Example 5. The facts are the same as in Example 4, except no distribution occurs in 2002. In 2003, the entire balance in the account, $170,000 ($90,000 of contributions and $80,000 of earnings), is distributed to B. The distribution is treated as made from $10,000 of regular contributions, $60,000 of conversion contributions that were includible in gross income, $20,000 of conversion contributions that were not includible in gross income, and $80,000 of earnings. As a result, for 2003, B must include in gross income the $80,000 allocable to earnings, unless the distribution is a qualified distribution; and if it is not a qualified distribution, the $80,000 would be subject to the 10-percent additional tax under section 72(t), unless an exception applies.

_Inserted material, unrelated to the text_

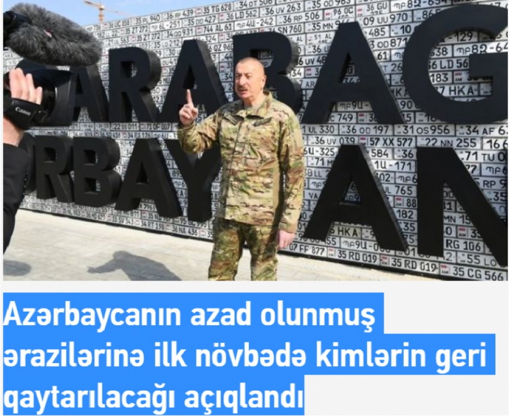 Xəbərlərdə Azərbaycan Prezidentinin işğaldan azad olunmuş ərazilərə qayıdışın ilkin mərhələsi, Milli Məclisin deputatlarının AVRONEST PA-nın iclasındakı iştirakı və digər məsələlər barədə fikirləri əksini tapıb.

Example 6. Individual C converts $20,000 to a Roth IRA in 1998 and $15,000 (in which amount C had a basis of $2,000) to another Roth IRA in 1999. No other contributions are made. In 2003, a $30,000 distribution, that is not a qualified distribution, is made to C. The distribution is treated as made from $20,000 of the 1998 conversion contribution and $10,000 of the 1999 conversion contribution that was includible in gross income. As a result, for 2003, no amount is includible in gross income; however, because $10,000 is allocable to a conversion contribution made within the previous 5 taxable years, that amount is subject to the 10-percent additional tax under section 72(t) as if the amount were includible in gross income for 2003, unless an exception applies. The result would be the same whichever of C's Roth IRAs made the distribution.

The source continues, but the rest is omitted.